1920s British flying boat prototype

The Supermarine Nanok was a British three-engined biplane flying boat built by Supermarine. Built to meet a Royal Danish Navy requirement, the single prototype was rebuilt as a private air yacht and renamed the Supermarine Solent.

==Development and design==
The Nanok (Inuit language: "Polar bear") was a three-engined development of Supermarine's successful Southampton flying boat, designed to meet a Danish requirement for a torpedo-carrying flying boat. A prototype was ordered on 17 June 1926, and the aircraft first flew on 21 June 1927. Testing was disappointing, and despite modifications the aircraft could not meet the specified performance and was rejected by the Danes.

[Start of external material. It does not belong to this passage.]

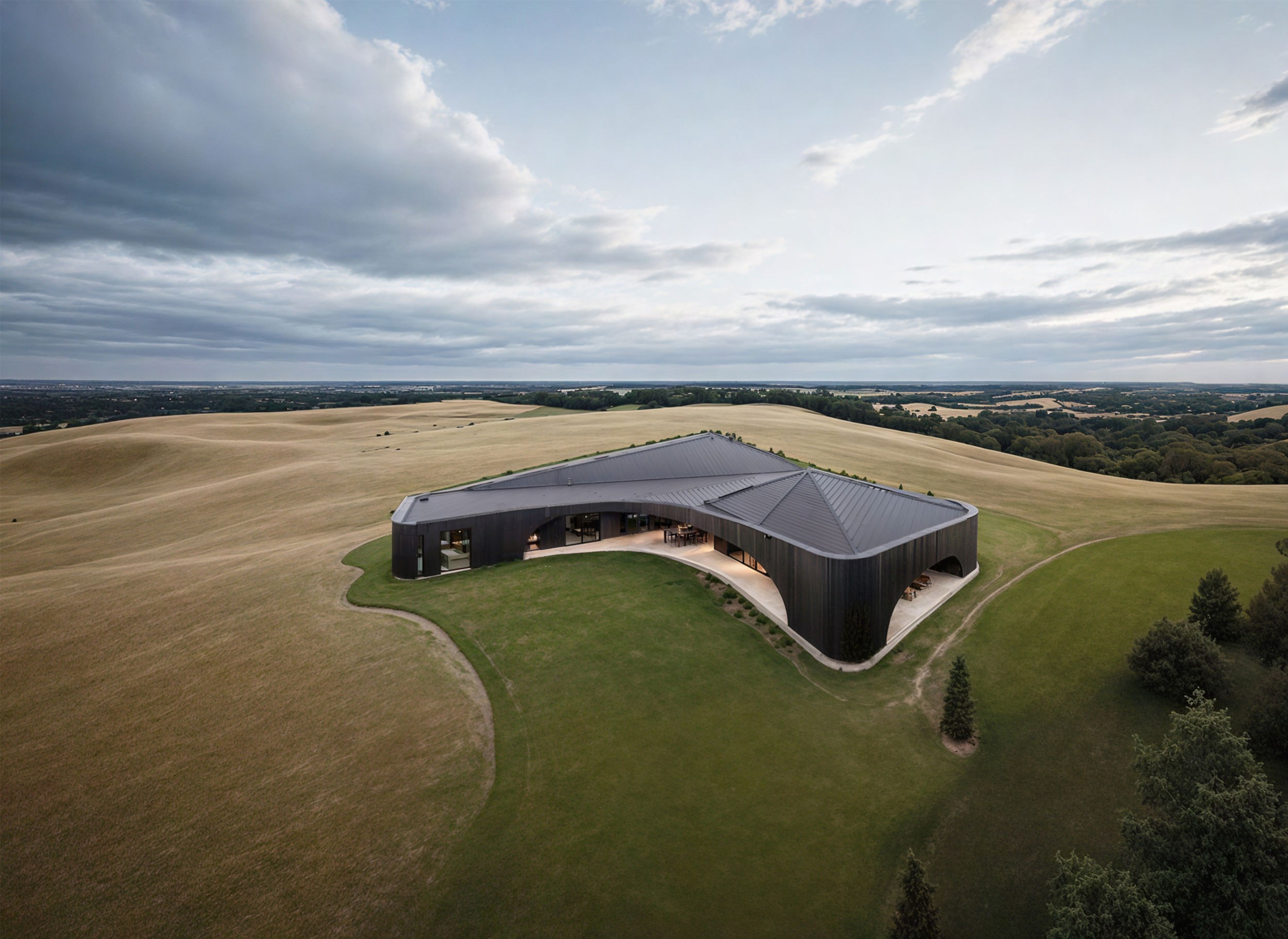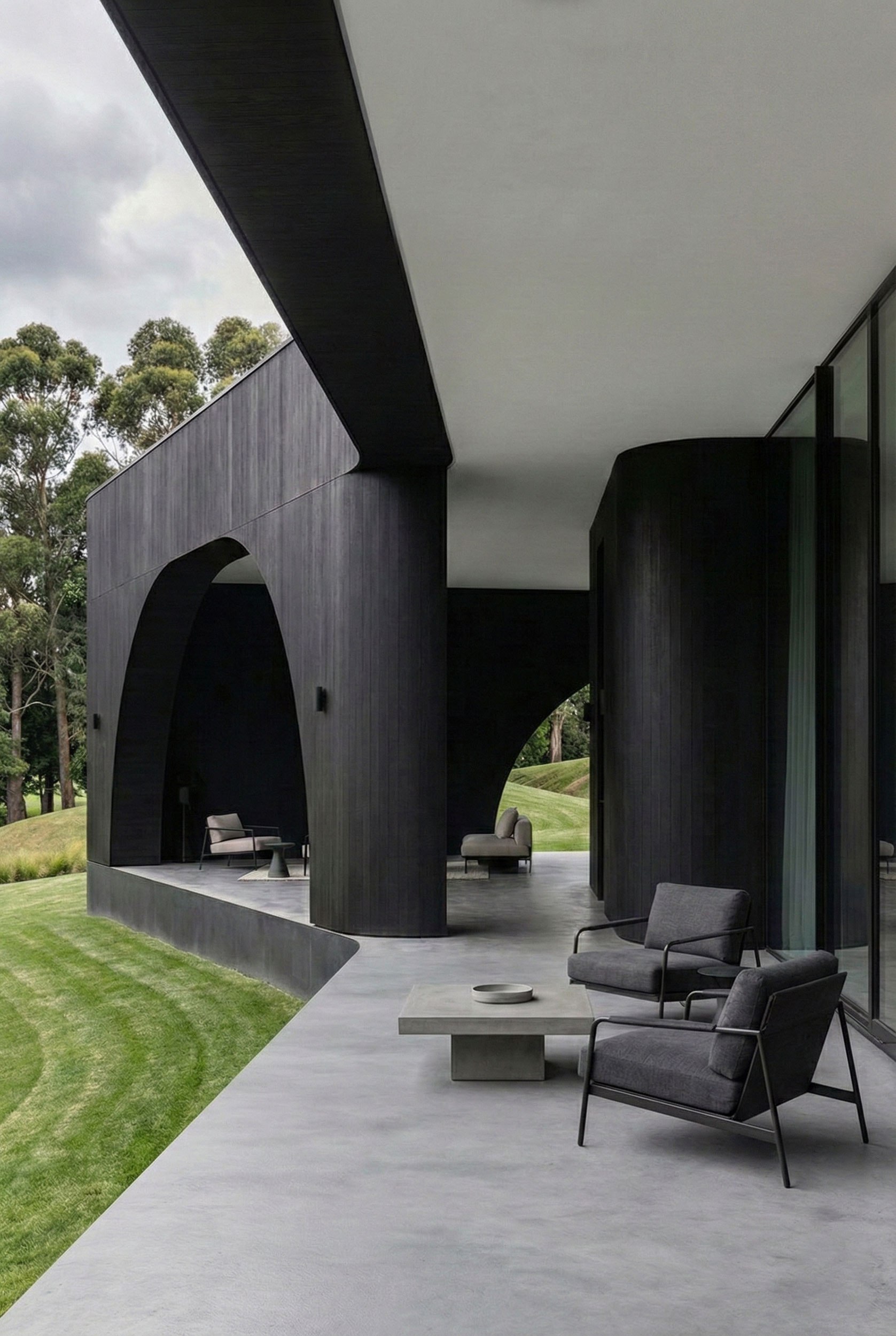 Конфигурация объема замыкается вокруг приватного внутреннего двора – тихого ядра, скрытого от внешних глаз. Пространство дома работает как единый «текучий объем», где благодаря панорамным окнам внутренние перспективы раскрываются на ключевые видовые точки ландшафта, стирая границу между интерьером и экстерьером.

In 1928 the aircraft was renamed the Supermarine Solent, and offered for sale as a torpedo bomber, but failed to sell. It was therefore converted to a civilian 9 seater air yacht for the brewing magnate Ernest Guinness. This was registered as G-AAAB in August 1928. Guinness may have found the interior headroom of the hull too small, as he almost immediately ordered its replacement, the all-metal Supermarine Air Yacht. The Solent was deregistered and scrapped in 1934.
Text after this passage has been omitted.